[[ Recorded data open ]]

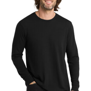 Feel your impact in this crazy-soft sustainable tee that uses an equivalent of up to 6 recycled plastic water bottles. 4.2-ounce, 50% recycled polyester, 25% organic ring spun cotton, 25% modal This product’s carbon footprint has been measured and reduced through a combination of preferred materials and investing in carbon offset projects though the ClimeCo Certified Product ™ Program 1×1 rib knit neck and sleeve cuffs Shoulder to shoulder taping Side seams Recycled tear-away label
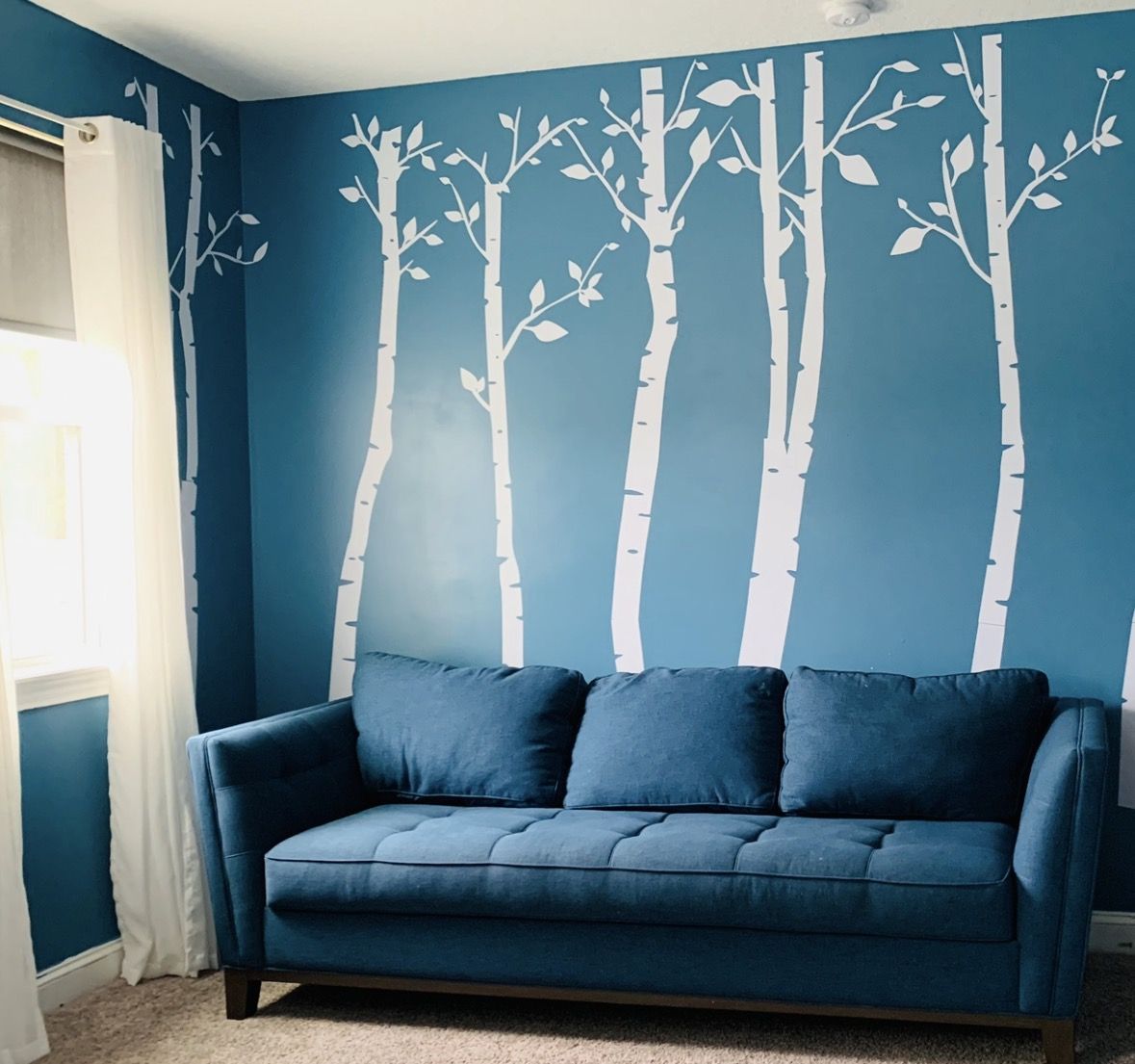 Navy blue sofa with minor wear and tear need to shampoo and look in brand new again.
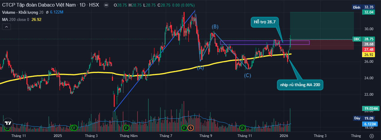 DBC đã hoàn tất sóng thứ cấp điều chỉnh ABC, xuất hiện sóng thứ cấp tăng mới. Ngoài ra DBC có nhịp rũ thủng MA200 rồi bật lại với vol thấp cho thấy lực bán không còn quá chủ động thể hiện thiên hướng cạn cung.
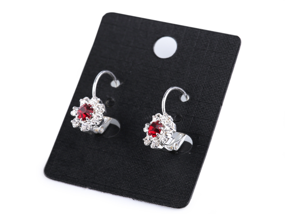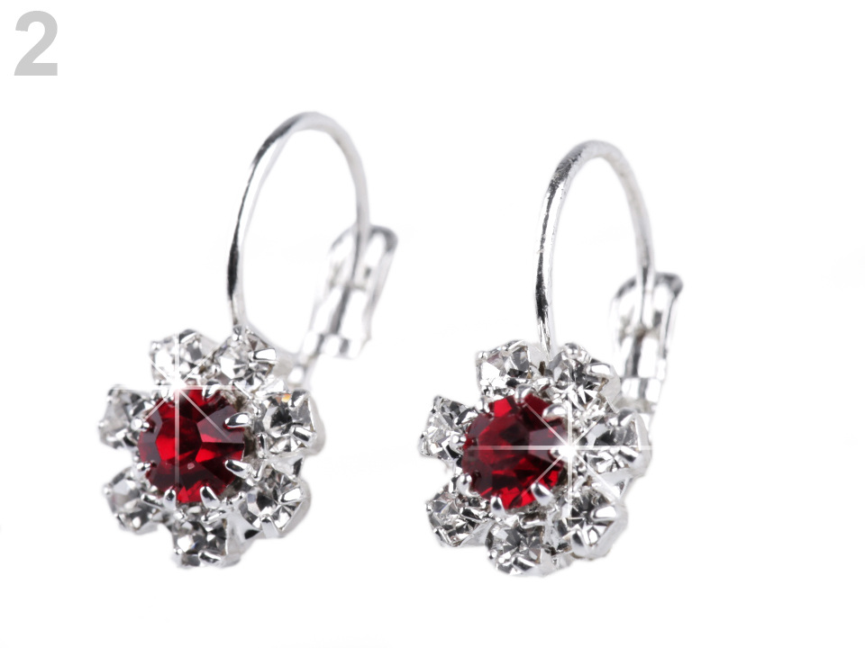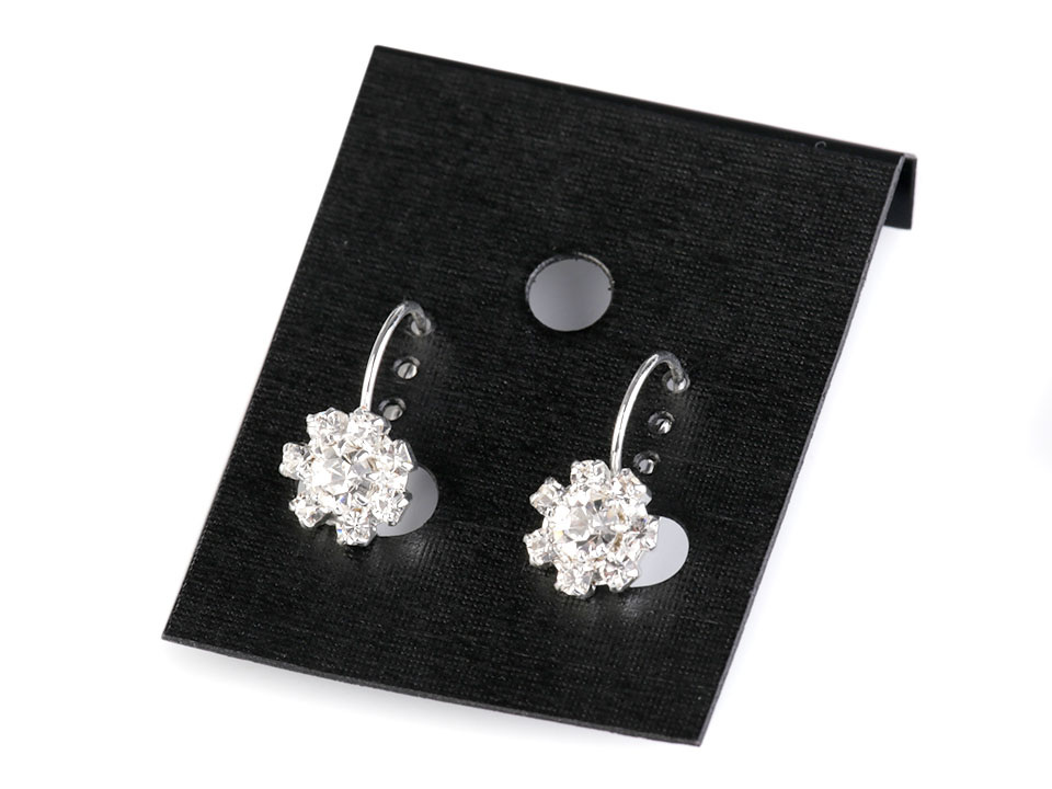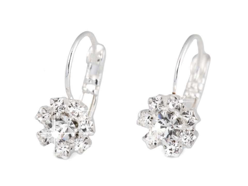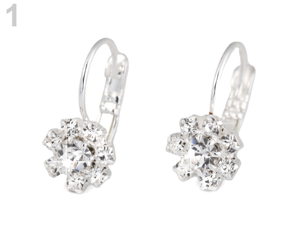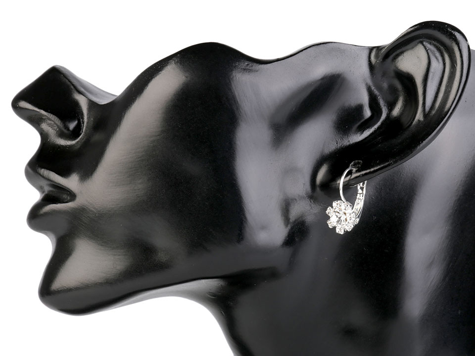 Štrasové květinky mají uprostřed vsazený broušený kamínek. Náušnice jsou vyrobeny z tzv. křišťálového skla, které se vyznačuje vysokým leskem, především při dopadu světla. Skleněné kamínky jsou zasazené do kovového lůžka a při každém pohybu hlavy se třpytí.

[[ Recorded data closed ]]

▶ [Directions]:
Go through the listing above and quote it exactly, apart from its images.

▶ [Answer to this task]:
 Feel your impact in this crazy-soft sustainable tee that uses an equivalent of up to 6 recycled plastic water bottles. 4.2-ounce, 50% recycled polyester, 25% organic ring spun cotton, 25% modal This product’s carbon footprint has been measured and reduced through a combination of preferred materials and investing in carbon offset projects though the ClimeCo Certified Product ™ Program 1×1 rib knit neck and sleeve cuffs Shoulder to shoulder taping Side seams Recycled tear-away label
 Navy blue sofa with minor wear and tear need to shampoo and look in brand new again.
 DBC đã hoàn tất sóng thứ cấp điều chỉnh ABC, xuất hiện sóng thứ cấp tăng mới. Ngoài ra DBC có nhịp rũ thủng MA200 rồi bật lại với vol thấp cho thấy lực bán không còn quá chủ động thể hiện thiên hướng cạn cung.
 Štrasové květinky mají uprostřed vsazený broušený kamínek. Náušnice jsou vyrobeny z tzv. křišťálového skla, které se vyznačuje vysokým leskem, především při dopadu světla. Skleněné kamínky jsou zasazené do kovového lůžka a při každém pohybu hlavy se třpytí.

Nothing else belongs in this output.